饭饭TXT > 浪漫言情 > 《冷面战神总想和我贴贴》作者:紫莲灵火【完结】 > 《冷面战神总想和我贴贴》作者:紫莲灵火.txt

第39章 醉意朦胧

作者:紫莲灵火 当前章节:4781 字 更新时间:2026-5-29 23:58

夜色已深如浓墨。

我靠在锦墨堂寝殿的窗边软榻上,手里虽拿着本医书,目光却总忍不住飘向窗外。院中石灯笼里的烛火在寒风中明明灭灭,将光秃的树枝影子拉得忽长忽短,如同我此刻难以平静的心绪。

萧顺霆还未回锦墨堂。

自宫宴归来,他将我送至门口便去了剑墨轩,说是还有军务要处理。可此刻已近子时,前院那边依旧没有动静。周嬷嬷方才亲自去送过一次参汤,回来时只低声对我说:“王爷还在书房,面色不大好,今日酒饮得杂了。”

是了,宫宴上那些敬酒,有御赐的,有同僚的,有宗亲的,还有那些心思各异的试探——他几乎来者不拒。我当时只觉他面色如常,没想到……

“王妃,您先歇下吧?”青黛第三次轻声劝道,“王爷处理完公务,自会歇息的。”

我摇了摇头,目光仍望着窗外:“我再等等。”手中医书上的字迹渐渐模糊,脑海里反复回放的却是今日马车里他闭目养神的侧脸,以及他拒绝黄贵妃赏赐时那平静却斩钉截铁的语气。

不知过了多久,远处终于传来脚步声。

那脚步声与平日不同,少了些往日的沉稳利落,多了几分沉滞,在寂静的夜里格外清晰。紧接着,院门被推开,一道玄色身影出现在灯笼光晕下。

是萧顺霆。

他独自一人,未带随从。夜风卷起他披风的下摆,猎猎作响。他站在院门口,似乎顿了顿,目光投向寝殿这边——窗内透出的暖黄光线在冬夜里格外醒目。

我站起身,正要示意青黛去迎,却见他已经抬步朝这边走来。

步伐还算稳,但细细看去,身形比平日微微松垮了些许。待他走近廊下,灯笼光清楚地映出他的脸——依旧是那副冷峻轮廓,但双颊泛着不正常的红,眼底也布着血丝,那双向来锐利清醒的凤眸,此刻竟蒙着一层薄薄的水雾,目光落在我身上时,有明显的迟滞。

他醉了。

我从未见过他这副模样。在我印象里,萧顺霆永远冷静自持,如同冰封的渊潭,深不可测。可此刻,那层坚冰似乎被酒意融开了一道缝隙,露出了底下某些不同寻常的质地。

“王爷。”我迎到门边,屈膝行礼。

他站在门槛外,没有立刻进来,只是垂眸看着我。那目光直勾勾的,毫不掩饰,看得我耳根微微发烫。半晌,他才低低“嗯”了一声,抬脚跨进门。

一股混合着清冽酒气和冷夜寒意的气息随之涌入。

他解下披风,动作比平日慢了一些。我下意识上前想帮忙,他却已经随手将披风搭在屏风上,转身看向我。

“你怎么还没睡?”他问,声音比平时更低沉沙哑,语气里没有责问,倒像是一句纯粹的疑惑,甚至还带着一丝……不易察觉的柔软?

我不知该如何回答,只轻声道:“妾身不困。王爷可要用些醒酒汤?厨房一直温着。”

他没有立刻回答,而是走到桌边,自顾自倒了杯冷茶,仰头饮尽。喉结滚动,侧颈线条在烛光下拉出利落的弧度。

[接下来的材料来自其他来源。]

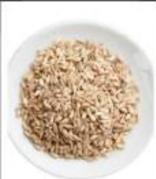
FARRO PERLATO TOSCANO G.500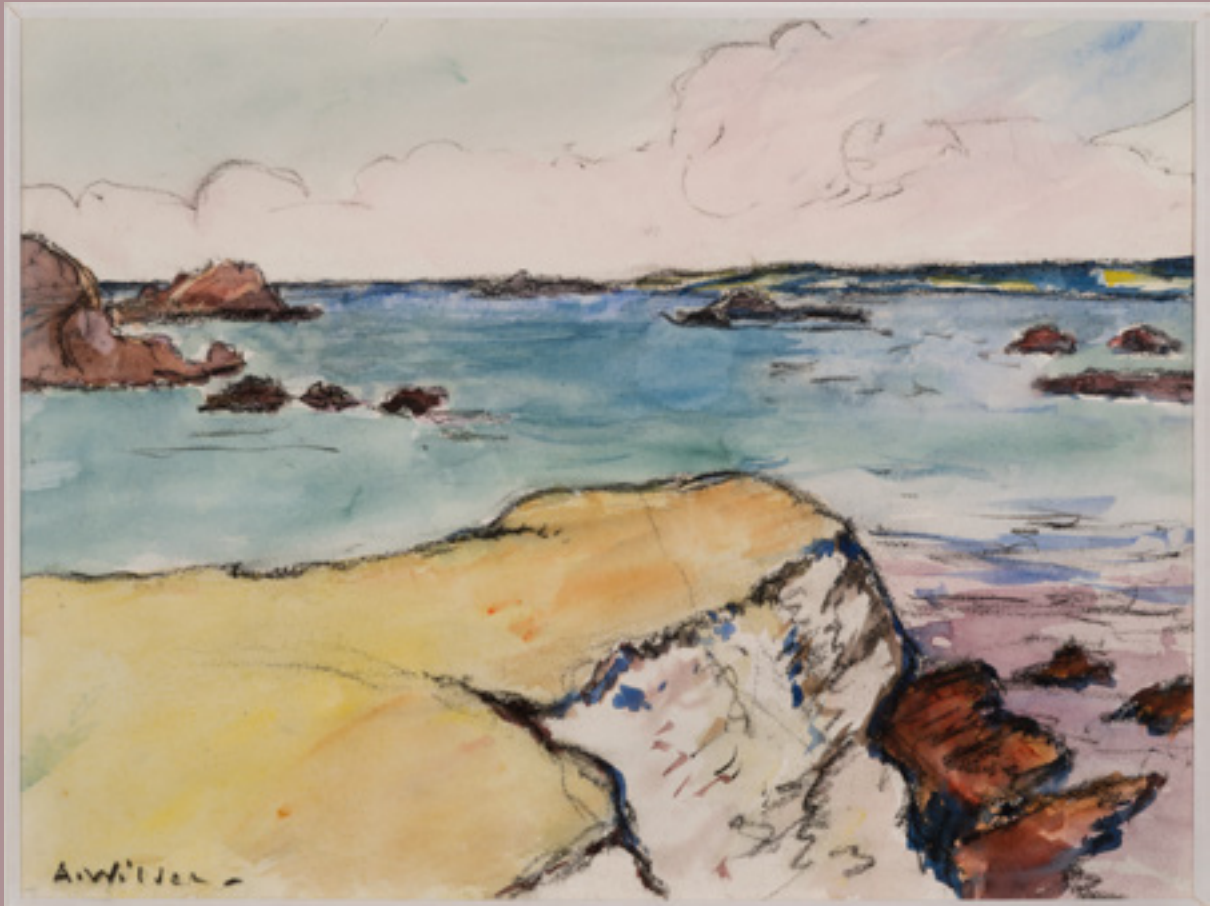
La Pointe de Beg-en-Aud, Portivy, Saint-Pierre-Quiberon Aquarelle, gouache et fusain sur papier d'A. Wilder 26 x 34 cm Collection particulière © Droits réservés © Cliché : F. Doury

“不必。”他放下茶杯,转向我,那双蒙着水雾的眼睛又锁在我脸上,“你过来。”

语气不是命令,却有种不容拒绝的意味。

我依言走近两步,在离他三尺处停下。这个距离已经比平日近了许多,我能更清楚地看到他眼底的血丝,以及眉骨处那道浅疤在酒意蒸腾下泛起的微红。

他却又朝我走近一步。

这下,我们之间只剩下一臂距离。他身上的酒气混合着某种清冷的松柏气息扑面而来,我不由得屏住了呼吸。

“乔锦薇。”他忽然连名带姓地叫我,声音低得像是自言自语。

我心头一跳:“妾身在。”

他盯着我看了很久,久到我几乎能听见自己砰砰的心跳声。然后,他忽然抬起手——动作有些迟缓,却目标明确地,轻轻碰了碰我发间一支简单的玉簪。

“这支簪子,”他说,指尖在冰凉的白玉上停留了一瞬,“太素了。明日让周嬷嬷开库房,挑些好的。”

我怔住。这不是他第一次赏赐,却是第一次……用这样的方式,这样的语气提起。像是忽然注意到,又像是憋在心里许久,终于借着酒意说了出来。

“王爷,妾身……”

“宫里那些人,”他打断我,手指收回,却依旧站在极近的距离,目光仿佛要穿透我,“今日为难你了。”

这不是问句。

我垂下眼:“都是妾身该应面对的。”

“不该。”他立刻说,语气忽然硬了几分,带着酒后的执拗,“你不该受那些。”顿了顿,声音又低下去,“是我让你承受了那些。”

这话里的自责意味太重,重得让我心惊。我抬眼看他,却见他已别开脸,侧脸线条在烛光下绷得有些紧。

“王爷……”

“坐。”他指了指窗边的软榻,自己率先走过去,有些重地坐下,靠进厚厚的锦垫里,闭上了眼。

我犹豫片刻,还是走过去,在榻边另一侧轻轻坐下。中间隔着一张小小的梨花木矮几,上面还摊着我未看完的医书。

殿内一时寂静,只有炭火在铜盆里偶尔爆开的噼啪声。

就在我以为他或许睡着了时,他却忽然又开口,眼睛仍闭着:“小时候,我娘也有支白玉簪,很简单的那种。”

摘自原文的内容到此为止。